Part of my job at camp, along with the overwhelming responsibility of being hummingbird man and occasionally dropping off laundry in town, was security. Not that anyone expected six Islamic fundamentalists in a blue sedan to drive up to the flagpole. I was just supposed to walk around, turn on some of the lights at night, and, as Tom says, “maintain a presence.” It wasn’t very difficult. I’d been doing it most of my life.

The ranch was eerily silent with the kids all out at the campfire. The cat was sitting on top of the trailer watching the horses grazing on the latest project by the Echo Hill Garden Club. The Echo Hill Garden Club didn’t usually have a lot of luck. If the horses didn’t eat their latest project, the deer invariably would. Not only did we not get the opportunity to reap what we sowed, we rarely got a chance to even see it.

I’d put my guitar up and was just lighting a cigar and pouring a little shot when the phone rang.

“Start talkin’,” I said.

“This is Pat.” I didn’t have to ask, Pat who? I was currently a one-Pat man.

“Yes, Pat,” I said patiently.

“There’s been another one.”

I took a couple of paternalistic puffs on the cigar.

“Pat, there’s always going to be another one. These are little old ladies. Little old ladies are mortal. When their time comes they fall through the trapdoor just like everybody else, no matter how hard they’ve crammed for the final exam.”

With the hand that wasn’t holding the blower, I lifted the shot of Jack Daniel’s from my faithful old bullhorn and discharged it into my mouth. The little judge was really starting to get up my sleeve. I poured another small shot.

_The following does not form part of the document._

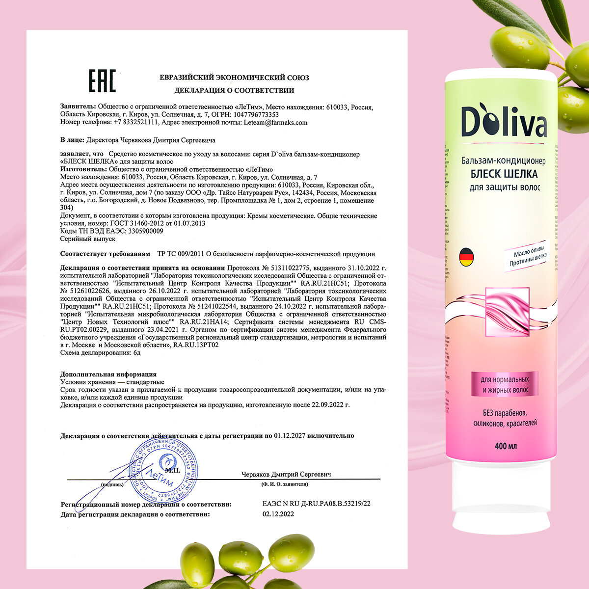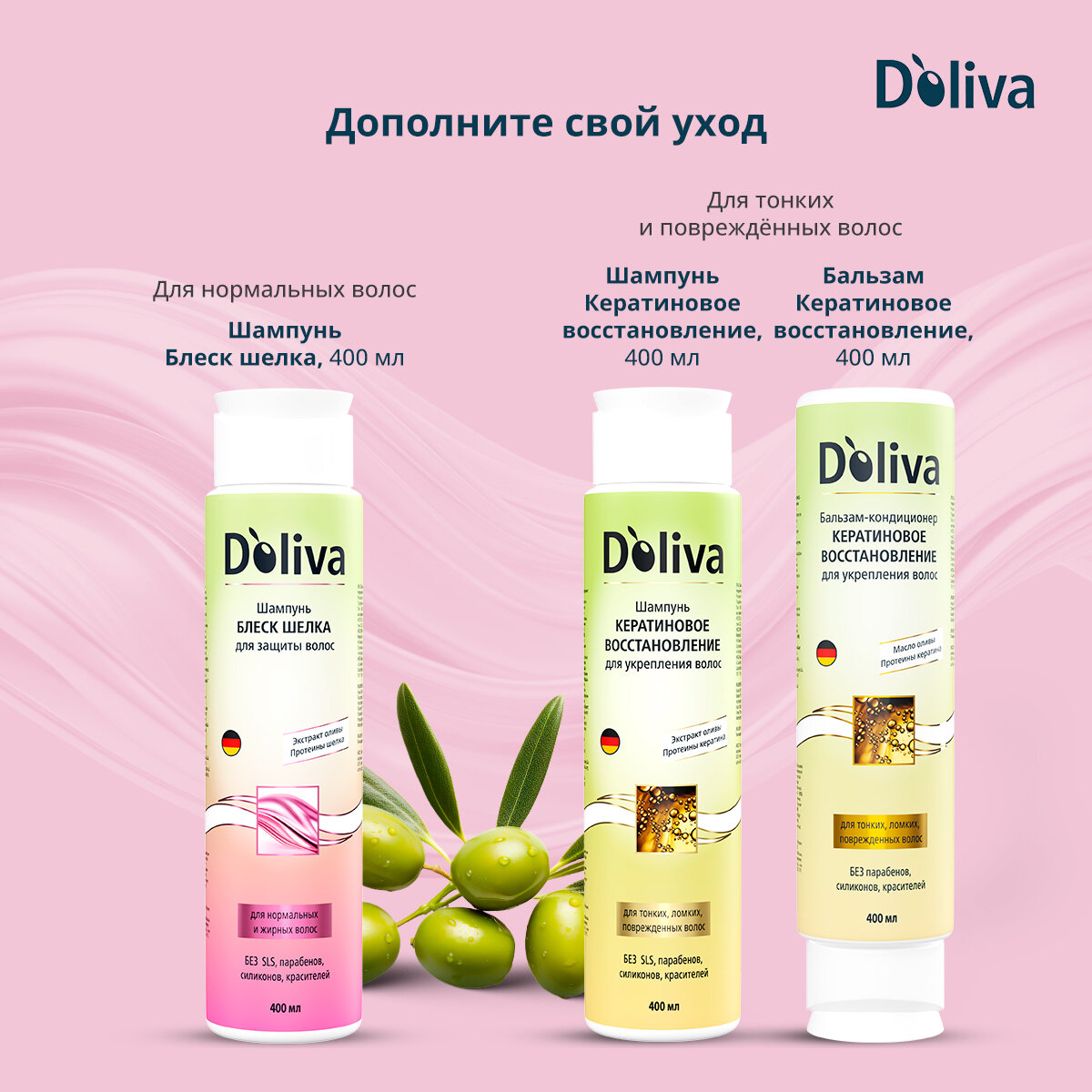 Бальзам-кондиционер для волос Doliva «Блеск шелка», женский, 400 мл интересное:
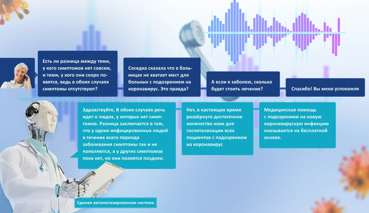 Нейроконтакт-центр станет единой точкой обслуживания граждан при обращении в экстренные службы и медицинские учреждения. Любой житель сможет без ожидания на линии получить оперативную скорую помощь и консультацию по COVID-19 или другим вопросам. На номера 122, 103 и 03 будет подключен интеллектуальный нейробот, который поможет гражданам в вопросах:

“She was murdered,” said Pat stubbornly.

“How do you know that?” I fairly shouted. “Did she come back and appear to you in a seance and tell you that?”

“She couldn’t have done that,” said the judge. “Her lips were sewn shut.”

CHAPTER
12

As I entered the old courthouse the next morning I thought of the only time I’d ever seen anybody’s lips sewn shut. It’d been many years ago and the lips had belonged to the shrunken head in the Bandera museum. The sight hadn’t been pleasant on a head the size of a tennis ball, and I could only too well imagine the nightmare vision of an actual-size human face mutilated in the same macabre fashion. It was enough to put you right off your huevos rancheros.

The old courthouse hadn’t really come to life yet, if it ever did. The old lady who’d been spliced the

night before wouldn’t be coming to life again either, unless it was to haunt my dreams someday when I was tucked away in the Shalom Retirement Village.

The halls seemed empty as my heart. I walked past some old wooden doors that looked like they’d been closed for a hundred years, some pebbled glass, and about seven spittoons. Before I knew it I was sitting in a big office in front of a big desk behind which sat a big woman. Everything was big in Texas, I thought. Even the small towns.

“The old lady who died last night,” I said. “The one with her lips sewn shut. That one definitely goes down as murder, right?”

“Of
course
it was murder,” said Sheriff Frances Kaiser, looking fairly murderous herself. “Can you think of anything else you could call it?”

“There’s always the possibility,” I said, “that she might’ve had a nearsighted tailor?”

I chuckled a brief, good-natured chuckle. A large vein throbbed in the sheriffs neck.

“What in the dickens would lead you to believe it
wasn't
murder?” she said. “Poor old thing was strangled and her lips sewn shut. Doesn’t that sound like murder to you? Maybe you’ve been in New York too long.”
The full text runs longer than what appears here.